A Phase III Study of the Efficacy and Safety of Squalamine lactate Ophthalmic Solution, 0.2% Twice Daily in Subjects with Neovascular Age-Related Macular Degeneration

This trial is being conducted to determine whether an eye drop, Squalamine Lactate, used in combination with Lucentis improves a patient’s vision better than Lucentis injections alone.

Completed Clinical Trials

Early termination by sponsor. This trial compared several dosages of sirolimus to placebo as a treatment for DME. Other clinical trials have shown sirolimus impedes many factors, which are responsible for new blood vessel growth

Completed. Laser in combination with ranibizumab, triamcinolone acetonide or sham for the treatment of DME. Ranibizumab is an anti- VEGF (vascular endothelial growth factor) drug. VEGF may play a role in the development of new blood vessels that form due to damage from diabetes. Triamcinolone acetonide is a steroid, which has been used off-label for the treatment of DME for several years. Sham treatments are not real injections into the vitreous; a needle-less syringe is placed on the eye to imitate an injection. The purpose of the trial was to determine whether the combination of drugs plus laser will be more effective than focal laser.

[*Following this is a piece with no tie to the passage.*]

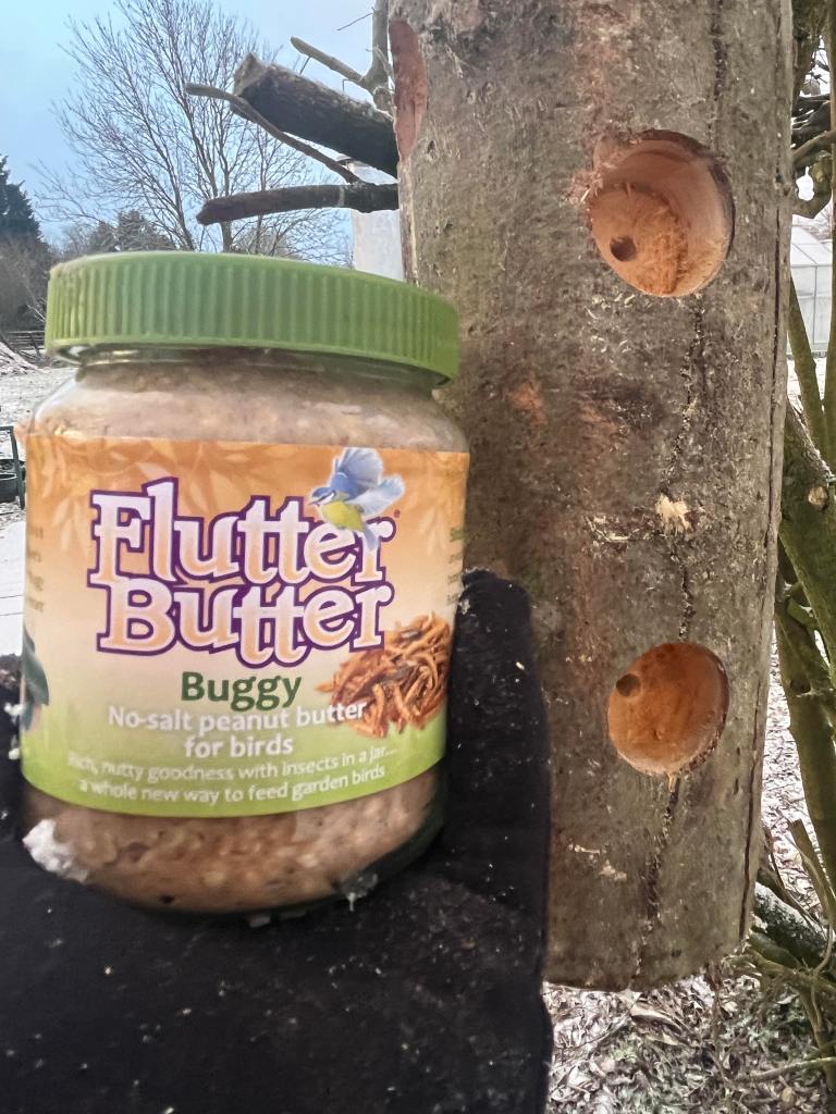 Fill the log with bird food. I love Flutter Butter. It is easy to add to the holes. The buggy one with insects in is great for insect feeding birds like Woodpeckers. Never use peanut butter for humans – it’s too full of salt. You could also fill it with my homemade fat ball recipe – just wait for it to solidify a bit before you add it to the feeder or it will pour out. I have a vegetarian version of the recipe too.

Completed. This trial used an intravitreal steroid insert, which slowly released the drug over time. Several doses were compared as well as time to re-treatment between injections. The insert Iluvien is now FDA approved for DME.

Completed. PDR (proliferative diabetic retinopathy) is an advanced disease state in which new abnormal blood vessels begin to grow along the retina. The new blood vessels are weak and increase a patient’s risk of developing bleeding in the eye (vitreous hemorrhage). The usual treatment for patients who have developed PDR is pan retinal photocoagulation. This is a laser, which is applied to the periphery of the retina in an effort to reduce the risk of bleeding. This trial compared the use of PRP and focal laser in combination with a steroid or ranibizumab to the use of only PRP and focal laser.

Completed. Subjects were treated with Lucentis or VEGF Trap. Lucentis and VEGF trap are drugs, which are classified as anti-VEGF (vascular endothelial growth factor) agents. VEGFs are responsible for the growth of blood vessels, which may leak and cause damage. The FDA has approved Macugen, PDT (photodynamic therapy) with Visudyne and Lucentis for the treatment of wet AMD. Based on this study the FDA has approved the drug Eylea.

Completed. Long term safety and tolerability extension study for VEGF Trap-Eye for the treatment of wet AMD.


Completed. The AREDS trial led to the development of nutritional supplements, which help to reduce the risk of certain individual’s progression from dry AMD to wet AMD. The focus of this trial was the possible improvement of the original formulation by adding lutein (a substance found naturally in the macula) and omega 3 fatty acids.

Early termination by sponsor. A combination of sirolimus/ placebo with lucentis used for the treatment of subjects with AMD. Other clinical trials have shown sirolimus impedes many factors, which are responsible for new blood vessel growth.

Safety and Efficacy Assessment Treatment Trials for Acucela Emixustat Hydrochloride

In follow-up. This trial is comparing three doses of Emixustat to a placebo as a treatment option for GA. In earlier studies of Emixustat, it was shown to be effective at slowing or stopping the progression of GA in study subjects.